In order to add new blocks to the blockchain, the nodes of the system must be able to determine a new nonce for the block, calculate a hash over the nonce and data, and see if it produced a result with the required number of leading zeros. If the result does not have the required number of leading zeros a new nonce is chosen and the calculation repeated until a result with the required number of leading zeros is found. Nonces are typically generated at random and in most cases the hash calculations must be performed many times before a new nonce is found and a new block can be added to the chain. In embodiments of the invention an ASIC device or chipset is added to devices to allow IoT, mobile, and similar devices to perform these calculations sufficiently fast to implement a working system. The use of an ASIC also produces a known amount of time for calculations. Using an ASIC to perform the calculations within a known amount of time allows for the system to exclude calculation results that are completed too fast or too slow which adds an additional level of security. The use of an ASIC also makes the calculation time dependent on the ASIC itself, not on the capabilities, speed and memory space of another CPU in the system, which can vary greatly. An additional feature of the ASIC is that it implements a distributed ledger server. Each ASIC enabled device shares the same ledger.
Individual nodes and the blockchain implement a SSID (self-sovereign identity) platform where the device nodes may act autonomously and include rules governing the workflow and approvals needed to update data without storing identity data. Data may be stored on the device it relates to but when it is necessary to verify the veracity of the data, the data itself does not have to be transmitted. Each node creates a private and public key. The private key is stored securely in the node. The public key is used to create a hash that is used as the public identity of the device. This public identity is referred to as a concrete identity. The concrete identity is used to identify the device and allow it to interact with other device nodes in the system as an IoT device without having to authenticate with a central authority, server, or network. Data stored on the blockchain includes smart contracts that include the rights and roles of devices and defines how devices interact with each other. Private or personal data is not required to be stored on the blockchain. Data transfer is encrypted and transmitted in a peer-to-peer network between device nodes which may be trusted or untrusted peers. By implementing SSID, the devices may act independently while providing a useful IoT function. The blockchain defines the roles of the devices in the network which allows a group of devices to independently work together. The blockchain blocks may contain smart contract software which is conditionally executed automatically for device to device transactions.
Embodiments of the invention can be used in almost any type of networked device including vehicles. One example of a vehicle application comprises a hardware dongle that plugs into the OBD (On Board Diagnostics) port of a vehicle. Dongles may be factory installed, installed by a dealer, or by third party mechanics. Dongles may have an open hardware design and be available from a number of manufacturers and sources. Dongles may also contain a SIM card or embedded SIM (eSIM) card to enable cellular communications.

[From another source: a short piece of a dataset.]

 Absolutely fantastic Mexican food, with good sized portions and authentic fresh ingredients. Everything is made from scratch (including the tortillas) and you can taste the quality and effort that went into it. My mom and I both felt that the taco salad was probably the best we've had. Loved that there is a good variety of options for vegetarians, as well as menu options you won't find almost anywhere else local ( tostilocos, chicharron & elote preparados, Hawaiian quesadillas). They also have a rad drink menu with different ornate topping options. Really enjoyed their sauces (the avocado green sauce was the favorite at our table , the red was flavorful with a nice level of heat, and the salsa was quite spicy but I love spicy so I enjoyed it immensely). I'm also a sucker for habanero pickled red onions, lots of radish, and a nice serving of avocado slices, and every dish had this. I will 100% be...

New dongles contain a memory that is initially blank and may come with a unique bar code, serial number, or other identifier. As part of the initialization sequence, the dongle may self-configure itself and create a public-private key pair. The private key is never advertised and may be stored in a secure memory area of the ASIC. The public key may be calculated from the hash of the public key. The device may also have a unique identifier such as a serial number or bar code. The concrete identity is placed on the blockchain if there is no existing concrete identity already associated with the device's unique identifier on the blockchain. This concrete identity is then placed on the blockchain and after consensus is achieved with the other nodes in the blockchain, the device's identity becomes enshrined allowing others to discover and verify its existence. The dongle can monitor a variety of sensors in the vehicle as well as operating conditions and parameters. Networking capabilities of the dongle allow it to form or join a peer-to-peer network and communicate with other vehicles in proximity. Other network nodes may be other vehicles or locational beacons that may be placed at key points along the routes taken by the dongle enabled vehicle such as entering and leaving highways, loading docks, secure locations and others.

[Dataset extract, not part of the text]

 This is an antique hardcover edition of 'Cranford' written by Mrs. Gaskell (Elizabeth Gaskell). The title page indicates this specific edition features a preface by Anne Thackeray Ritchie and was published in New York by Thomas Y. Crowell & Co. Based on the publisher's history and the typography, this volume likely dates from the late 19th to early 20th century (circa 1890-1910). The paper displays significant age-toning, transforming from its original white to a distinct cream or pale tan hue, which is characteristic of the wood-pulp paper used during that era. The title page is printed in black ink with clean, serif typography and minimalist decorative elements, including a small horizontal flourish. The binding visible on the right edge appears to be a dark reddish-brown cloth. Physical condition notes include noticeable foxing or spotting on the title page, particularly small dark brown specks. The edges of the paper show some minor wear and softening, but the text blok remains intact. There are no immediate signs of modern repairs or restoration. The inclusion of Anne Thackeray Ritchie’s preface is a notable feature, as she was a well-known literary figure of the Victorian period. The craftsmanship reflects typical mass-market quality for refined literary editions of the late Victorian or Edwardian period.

Through the use of a peer-to-peer network, embodiments of the invention allow multiple
IoT devices to form a peer-to-peer mesh network based on a distributed ledger of trusted devices stored on the blockchain. Each of the IoT devices includes a distributed ledger sever which shares the same ledger and maintains an index of all the blockchains. In order to access a particular device a predefined number of the other devices must grant permission and form a consensus. Communications between the devices in the group is secured using public/private key encryption.
Embodiments of the invention may also be used to verify the identity of a person interacting with a computer or machine to within a predetermined level of confidence. Personal identity can be viewed as comprising the identification of the person and the action that they are authorized to perform. For example, at a national border a passport identifies who you are and that you are authorized to travel. A driver's license identifies who you are and that you are authorized to drive a class of vehicle until the expiration of the license. Devices are also nodes in a peer-to-peer network and the concrete identity is assured by the blockchain. This can be leveraged to determine the identity of a person and be used to grant or deny permission to use or interact with these devices.

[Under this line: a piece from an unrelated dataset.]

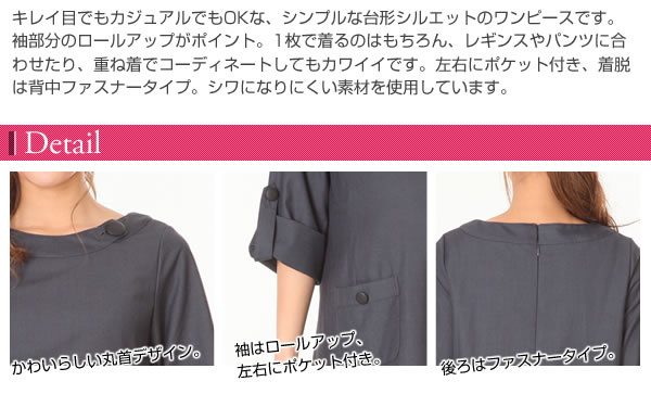 「ヴィナソール」から、キレイ目でもカジュアルでもOKなシンプル台形シルエットワンピが登場。袖部分のロールアップがポイント。1枚でも重ね着でもカワイイ。シワになりにくいのも◎

In the case of a person attempting to perform an action such as withdrawing money from a bank account, making a large purchase, or entering a country, permission to perform the action may be granted or denied. A level of confidence may be defined for each action. The identity of the person must be known to a confidence level that meets or exceeds the required level of confidence for the action to be approved. A foreign country may require different levels of confidence depending on the person's country of origin. A bank may require a higher level of confidence for larger transactions or frequent transactions.
In some cases, the party being asked to approve an action such as a border guard or bank employee may require a 3^rdparty authority to attest as to the identity and authority of a person in order to increase their level of confidence to exceed the required level of confidence. Personal information may be gathered and classified as required or optional metadata and a hash or indicator based on this data may be communicated between devices to increase the level of confidence in a person's identity. Personal information may also be encrypted and stored directly on the blockchain. The data may be combined with a smart contract to provide multiple levels of access to those with authority or permission to view the data. For example, a border guard may be able to see complete passport data as well as a travel history. Other parties may only be able to see a public identity number.
An example of how a SSID can be derived from the hash of the entity's first public key is as follows:

- Concrete identity=CID=H(p₀)

The concrete ID may be hashed with other factors to generate different IDs that can be used with different 3rd-party entities. In this way, the blockchain can store the relationship of a given device CID with its derivative IDs. Therefore, if the security of multiple 3rd-party entities is breached, there is no commonality in device identity between the different third parties, therefore increasing security of the overall system. Other factors used to produce the hash may include:

- Insurance identity=IID=Insurance policy indicator.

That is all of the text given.